How do we make sense of things in these trying times? Dialogues on racism so often devolved into monologues where blame is exchanged between white-America and hip-hop culture. Serious discussions on foreign policy so often end up as patriotic, xenophobic diatribes, or unrealistic and naive exclamations for peace. The fallouts from tragedies like that at Virginia Tech usually provide an assortment of contentious debates about gun control, safety, and what preventative measures could have been taken.
It seems this is exactly the process we humans go through in trying to make sense of our world.
We fight whilst we gain understanding. It can be difficult, given the contentious nature of these debates. But consider the alternative, for a moment: we do nothing in response to racism and sexism, we aren’t concerned with the state of our troops and our presence in the world, and we don’t concern ourselves with the safety of our community. The alternative is irredeemably worse than our natural, tumultuous process of understanding. It may not always be pretty, it may not always be immediately fruitful, but it’s a necessary process. We have to ask questions, debate, be angry; we have to grieve.
Yet sometimes our world is too daunting. Every so often we need to take a step back or a step away from the harsh realities of everyday life. Enter: sports. Amidst the ugliness of our world, there’s something comforting to be found in the resiliency and constancy of sports.
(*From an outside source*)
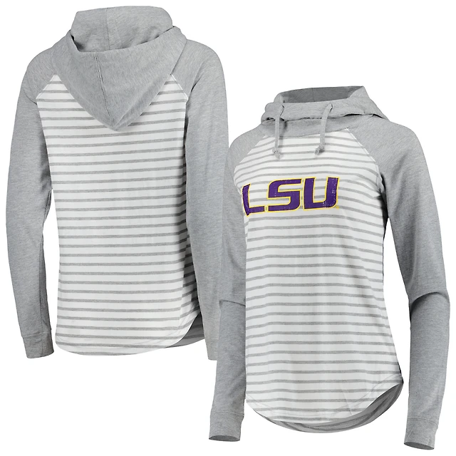 Women's Colosseum Heathered Gray/White LSU Tigers Gloria Raglan Long Sleeve Hoodie T-Shirt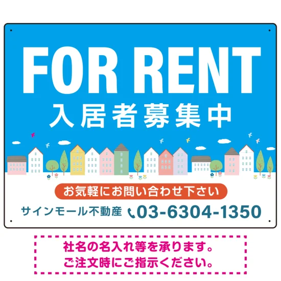 よくある質問:空と街並みの鮮やかなブルーデザイン FOR RENT 入居者募集中 不動産向けデザインプレート看板 W600×H450 アルミ複合板(SP-SMD720-60x45A)

Many in need of some therapy, some means of numbing the pain, look to sports. One needs look no further than to the infertile dirt fields of war-torn villages where children muster up enough childlike humanity to break a smile as they kick a makeshift ball back and forth in what stands as their own version of the World Cup.
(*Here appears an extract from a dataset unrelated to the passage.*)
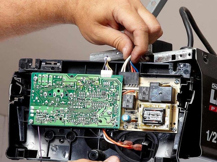 Once the circuit board is removed, pop out the old socket by depressing the clip that holds it in place. Remove the two wire connections and install the new socket. Replacement sockets cost less than $15.

Inner-city blacktops provide a rallying point for troubled (and seemingly forgotten) youth who wish to get away from it all and just play ball for a few hours. A long day at work leads a businessman to unleash his stress on a racquetball (which is of course made more triumphant by his short-shorts and athletic goggles).
I’m not simplistic enough to claim that all we need right now is a pickup game of basketball to fix the world’s problems. I do feel, however, there is something to be said for the power of short-term escapism. Sports can provide us with an hour of fun in a day that’s filled with many challenging and unhappy hours that drag on too long.
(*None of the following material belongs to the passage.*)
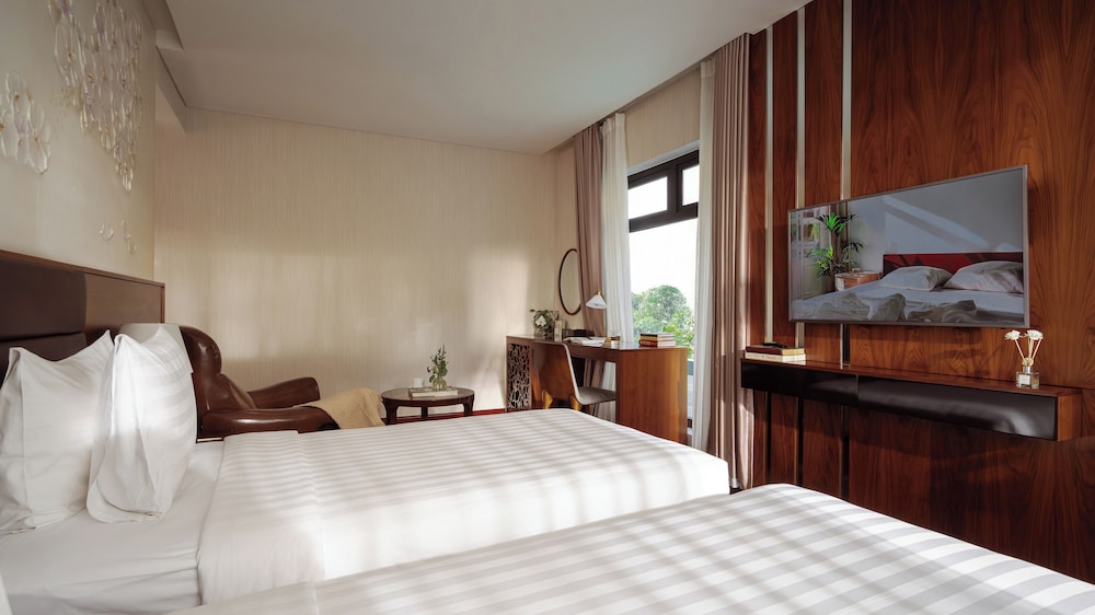 Featured amenities include a business center, complimentary newspapers in the lobby, and dry cleaning/laundry services. A roundtrip airport shuttle is provided for a surcharge (available 24 hours), and free self parking is available onsite. Don't miss out on recreational opportunities including an outdoor pool and a fitness center. Additional features at this hotel include complimentary wireless internet access, concierge services, and a banquet hall. Grab a bite at one of the hotel's 2 restaurants, or stay in and take advantage of the room service (during limited hours). Wrap up your day with a drink at the bar/lounge. Cooked-to-order breakfasts are available daily from 6:30 AM to 9:30 AM for a fee.- Fee for cooked-to-order breakfast: approximately VND 259000 for adults and VND 259000 for children

More importantly, sports can allow us to suspend our vitriol towards Imus or Snoop Dogg or Dick Cheney or Virginia gun laws, if only for a little bit. Let me make it clear that we should still be upset and involved and asking questions, but not at the expense of losing track of what’s really important: we have to stick together. It’s not typically anger or blame that brings one or many to a workable solution. Let’s remember that as we move forth, and for goodness sake, if you have time, go whoop your best friend in a game of hoops.